Calla Lilies and Ferns Take Over

My north coast garden was filled with established calla lilies and ferns long before we moved into our Victorian home. The garden looks lush with the calla lilies and ferns, especially in spring and summer. As wonderful as that is, the calla lilies tend to fall over quite a bit by summer after blooming. I know, a metal hoop on a stake would hold them up, but there are so many of them in the back yard in different areas I'd need a lot of stakes and have not seen any of these kind of holders locally at the garden centers. I love seeing the white lily flowers near Easter and they are stunning cut flowers for a vase at that time of year. Still they can be a pain to deal with. I suppose the thing to do is cut back the stems of the fallen lilies, something we've done in the past. The ferns in the back yard are beautiful, full and growing quite a bit bigger each year, expanding out of their areas each season. I have to say I don't mind the excess of ferns nearly as much as the excess of calla lilies since the ferns behave themselves by standing up well other than during heavy rains.

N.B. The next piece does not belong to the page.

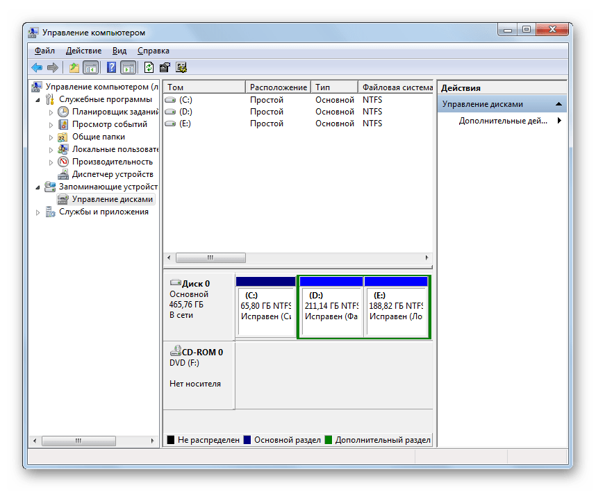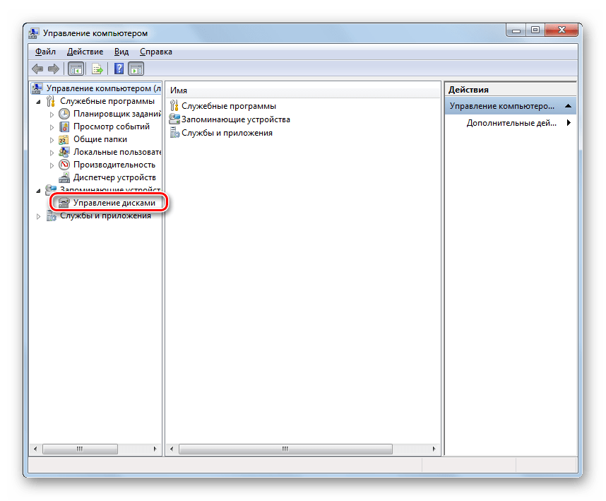 Виртуальный носитель можно удалить также без использования стороннего ПО, применив только «родную» оснастку Виндовс 7 под названием «Управление дисками».

Originally I tried propping up the spent calla lilies with the hoards of driftwood the previous homeowner collected, similar to his collection of huge river rocks, both of these items are everywhere in the back yard. So far the carefully placed driftwood has not worked as well as I'd hoped in holding up the falling stems of the calla lilies. Perhaps another round of placement, a change here and there might help to keep things held back. My husband would just as soon we dug them all out and got rid of the lilies since he does not like calla lilies, but he is convinced you can never get rid of them. We had a batch of calla lilies sitting against our back yard fence in Petaluma and he tried a number of times to expedite them, but never succeeded. I like the calla lilies but what I don't like is how easily they seed when the stems fall. Currently I have a plant that has seeded and wedged itself between the back yard bench and the fence under the holly trees; the calla lily was cut back but I imagine we'll have to dig it out sometime soon to keep the bench from being pried apart by the plant.

The ferns are growing bigger each season, which works under the holly trees but then again, they have to compete with the aggressive calla lilies that can grow to five feet tall or more in a season. The ferns established in the corner near the back gate surround the camellia bush, covering most of it by summer and branches extend over the two azaleas I have planted in the corner near the dining room window. I hope the fern doesn't completely take over this space as this is the biggest, widest fern we have in the yard, rising a good four to five feet tall or more now. If it happens I will probably need to move my azaleas somewhere else. As I watch year by year the calla lilies and ferns get bigger; it must be true when north coast locals say that once you plant something in Humboldt county it grows way past any size given on the plant information tag, plants that establish well here grow huge, no doubt about it. I shouldn't ever complain really, since a lush, full garden is something I've always wanted. The calla lilies and ferns certainly achieve this lush look, making my garden especially green and beautiful in spring and summer seasons.